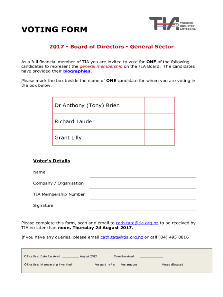 Accurate completion of these voting forms is imperative. Errors can lead to disqualification, undermining the fair election process that is essential in a democratic society.
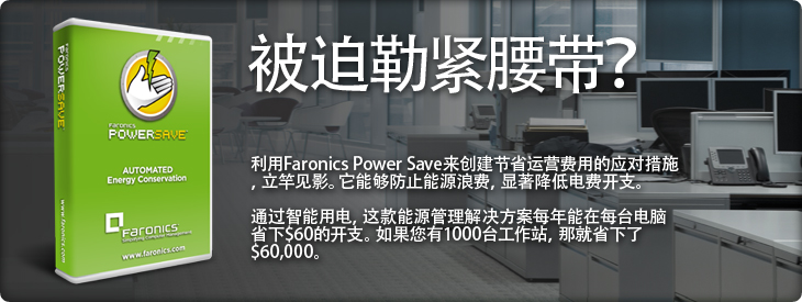 Power Save 使用Faronics Power Save来生成智能能源管理方案,节约运营费用开支,可谓易如反掌。这款可轻松扩展使用规模的解决方案对于Windows和Mac电脑都适用,有助于您最大化能源利用效率,为您节省更多开支。此外,内建的报表功能可以清晰反应出您的节省成果,以及您的ROI。 Power Save 企业版 Faronics Power Save能有效防止电脑能源浪费,能源节省高达50%,同时不影响工作效率。 了解更多 Power Save Mac 版 Faronics Power Save是一款针对Mac设计的企业级别智能电源管理解决方案。 了解更多
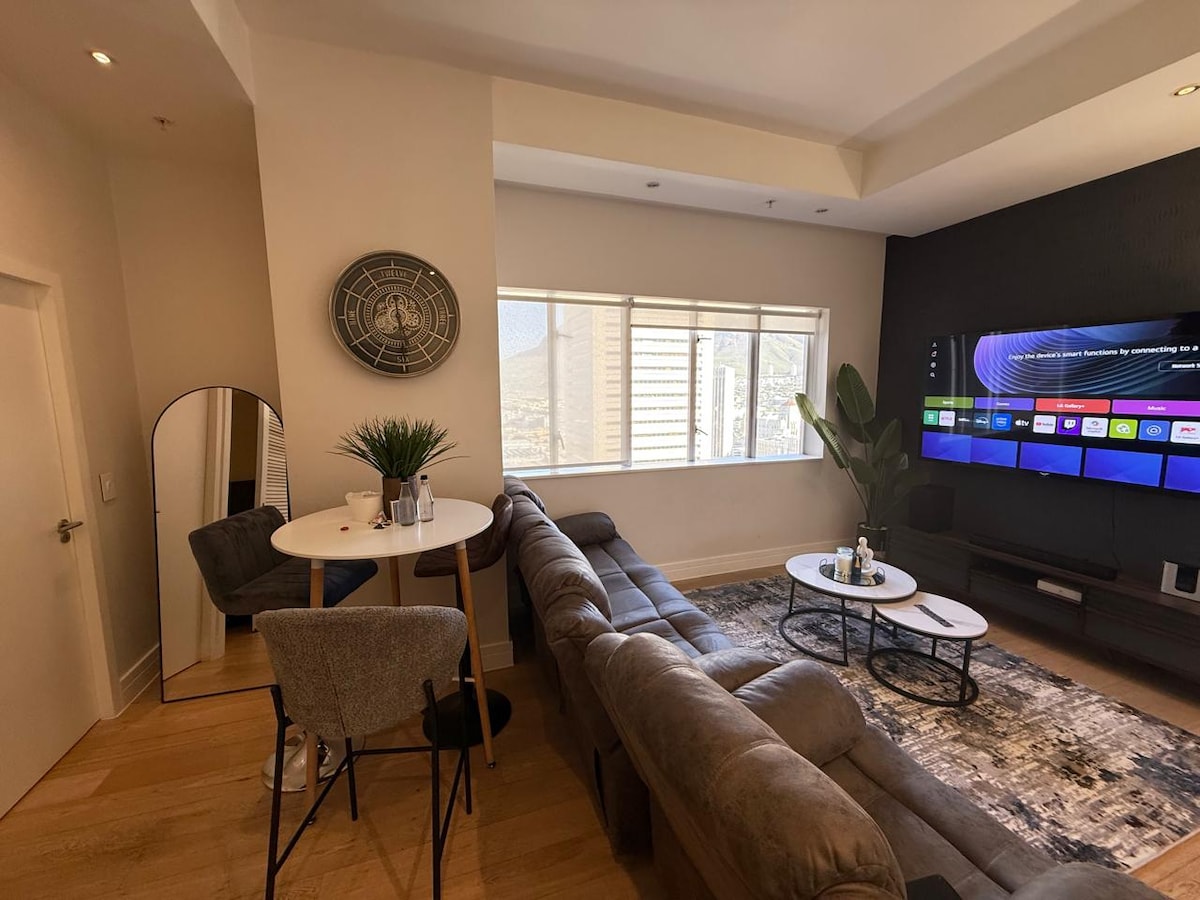 Nyd den uspolerede udsigt over Taffelbjerget, eller nyd gåture i solnedgangen langs stranden. Denne hyggelige studiolejlighed har udsigt over det berygtede Taffelbjerg. Nyd en morgenmad ved solopgang eller solnedgang med udsigt over Table Bay i et komfortabelt og fuldt funktionelt rum. Åben planløsning og udstyret med alt, hvad du har brug for for at gøre dit ophold behageligt. Adgang gennem en døgnåben bemandet sikkerhedsport. Trapper til boligen. Gratis parkeringsbugt. Te, kaffe og 5L Quella Bottled Water leveres ved ankomsten.

Work to complete
Word for word, give the data above again, without any images.

Answer for the task
 Accurate completion of these voting forms is imperative. Errors can lead to disqualification, undermining the fair election process that is essential in a democratic society.
 Power Save 使用Faronics Power Save来生成智能能源管理方案,节约运营费用开支,可谓易如反掌。这款可轻松扩展使用规模的解决方案对于Windows和Mac电脑都适用,有助于您最大化能源利用效率,为您节省更多开支。此外,内建的报表功能可以清晰反应出您的节省成果,以及您的ROI。 Power Save 企业版 Faronics Power Save能有效防止电脑能源浪费,能源节省高达50%,同时不影响工作效率。 了解更多 Power Save Mac 版 Faronics Power Save是一款针对Mac设计的企业级别智能电源管理解决方案。 了解更多
 Nyd den uspolerede udsigt over Taffelbjerget, eller nyd gåture i solnedgangen langs stranden. Denne hyggelige studiolejlighed har udsigt over det berygtede Taffelbjerg. Nyd en morgenmad ved solopgang eller solnedgang med udsigt over Table Bay i et komfortabelt og fuldt funktionelt rum. Åben planløsning og udstyret med alt, hvad du har brug for for at gøre dit ophold behageligt. Adgang gennem en døgnåben bemandet sikkerhedsport. Trapper til boligen. Gratis parkeringsbugt. Te, kaffe og 5L Quella Bottled Water leveres ved ankomsten.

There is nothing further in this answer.